Name | |
---|---|
Bharath Gajula | gajula.b@northeastern.edu |
Divya Sri Bandaru | bandaru.di@northeastern.edu |
Henil Gajjar | gajjar.he@northeastern.edu |
Nishith Reddy Pochareddy | pochareddy.n@northeastern.edu |
Soumyae Tyagi | tyagi.so@northeastern.edu |
Fatima Jawadwala | jawadwala.f@northeastern.edu |
Table of Contents
Demo Video
Introduction
1. Problem Statement
Customers often struggle to find accurate and personalized answers to their product-related questions. Product descriptions can be overwhelming, and user reviews are scattered and hard to analyze. Businesses also face challenges in ensuring fair and unbiased responses while maintaining the reliability and scalability of their systems.
This project aims to create an AI-powered chatbot that combines product details and user reviews using a multi-agent workflow and a vector store for efficient retrieval. The solution leverages GPT-based LLMs for natural language understanding and CI/CD pipelines for seamless deployment. It focuses on delivering fast, reliable, and unbiased information while being easy to integrate into various platforms through a FASTAPI serverless API.
2. Methodology
1. Data Collection and Preprocessing: For this project, we utilized the Amazon Product metadata and review dataset for the Toys & Games and Video Games categories. Following this, the data was cleaned and converted into a schema-based format, which was then utilized for our project.

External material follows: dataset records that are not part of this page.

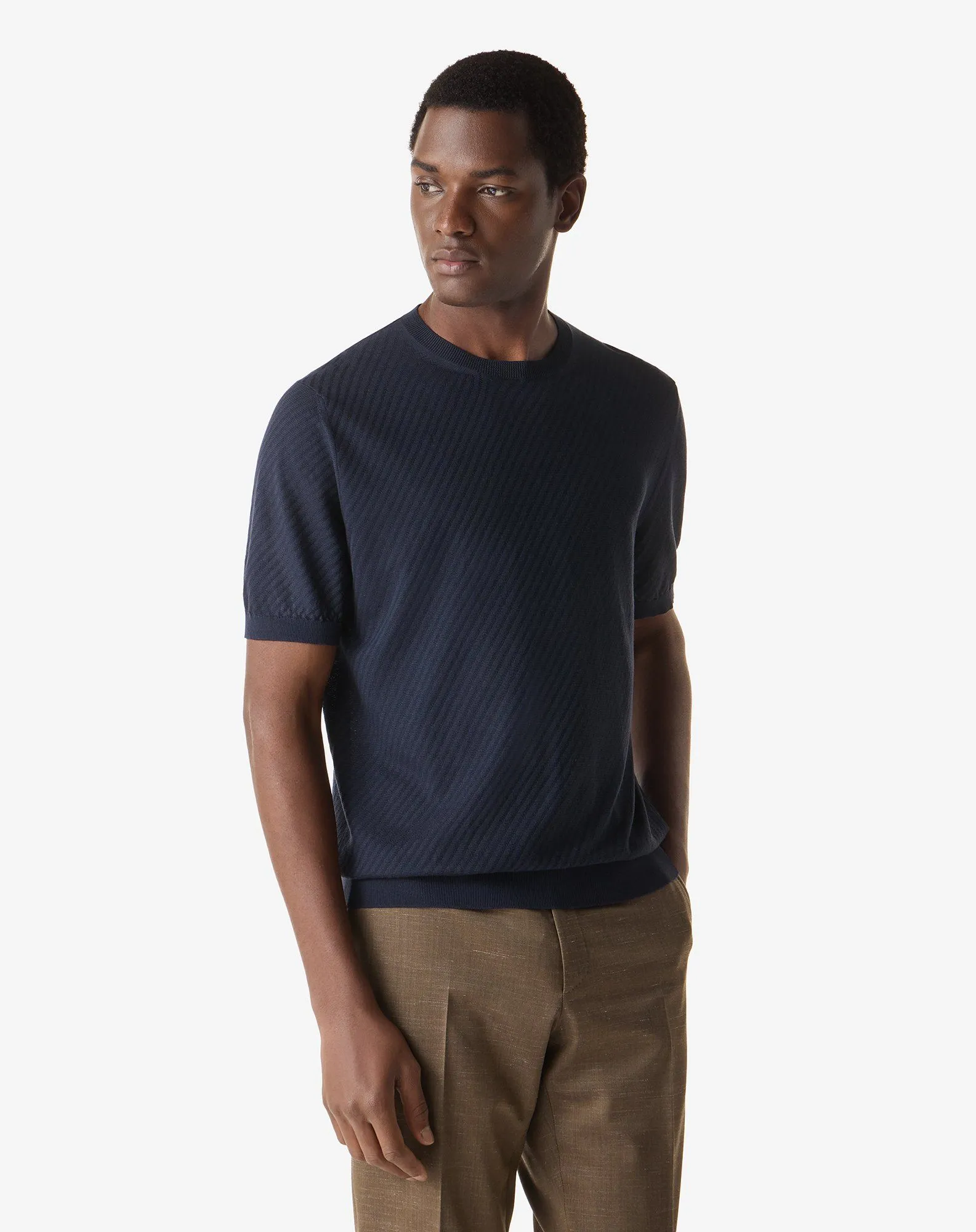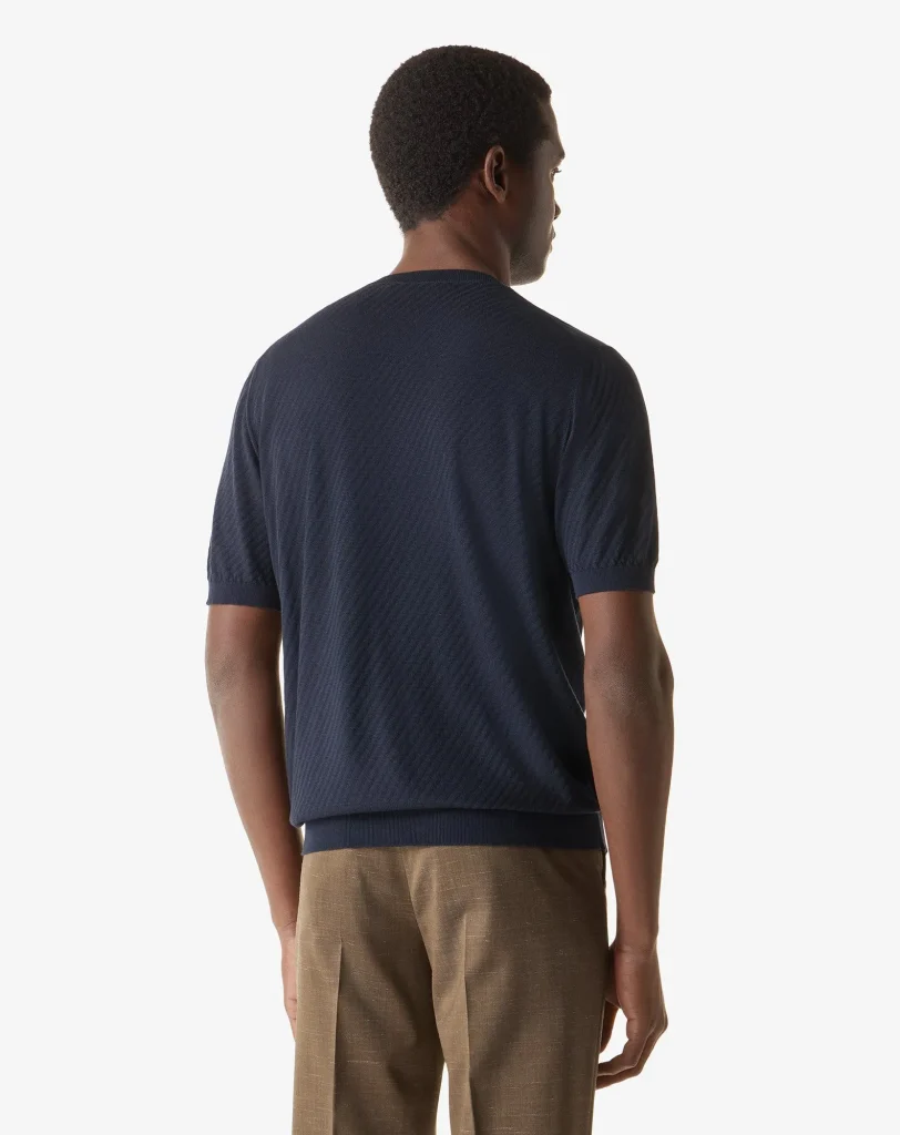 This navy blue full zip sweatshirt interprets leisure time with minimalist aesthetic applied to the finest fabric: ice cotton and silk, for a light and pleasant feel. The exclusive diagonal work adds depth to the garment without making it technical or complex. Made in Italy, it is ideal as an everyday layer for your days in the city and travel.
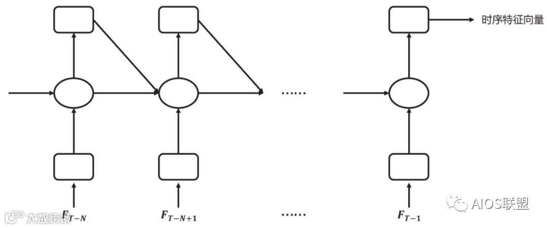 将该序列作为递归神经网络的输入得到用户时序行为特征,其中每一天的输入数据FT-i包括是否为工作日;当前24个时间区间段中是否有出行记录等。
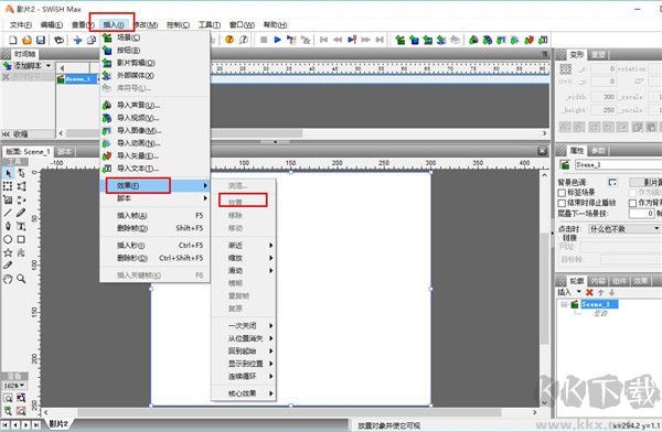 這個類別中主要包括放置(place)、 刪除(remove)、 移動(move)三種特效 ,放置特效就是把對象放在影片的播放時間線上。 刪除就是把對象從時間線上刪
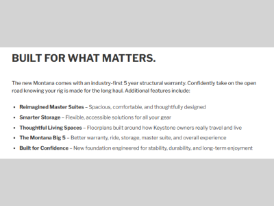 Enjoy luxury, innovation, and the outdoors in any one of Montana's finest fifth wheels. Each set the standard with exceptional features, and exciting factory installed options to provide you a great home on the road. Keystone's 12" I-beam chassis with z-frame technology provides a strong and durable foundation to your fifth wheel, and the four-season living package will help extend your camping season. There are also square frameless windows outside, along with storage solutions, and a hydraulic leveling system that will have you set up in no-time! Inside, you'll love the hardwood cabinetry, solid surface countertops, spacious showers, and cozy bedrooms!

2. Model Implementation: We used four different LLMs in our application: GPT-4o Mini as a supervisor agent, Hugging Face for generating embeddings, Llama 3.1 8B as an agent for summarizing and follow-up question generation, and Llama 3.1 70B as the responding agent.
3. Model Evaluation: Used RAGAS to evaluate our model’s performance for specific prompts based on the following metrics: Context, Precision, Answer Relevance.
4. Bias Detection: For the given prompts, we conducted sentiment analysis and calculated the percentage distribution across three sentiment categories: positive, negative, and neutral. By rerunning this module, any changes in this distribution can be detected. If significant changes are observed, it may indicate the presence of bias.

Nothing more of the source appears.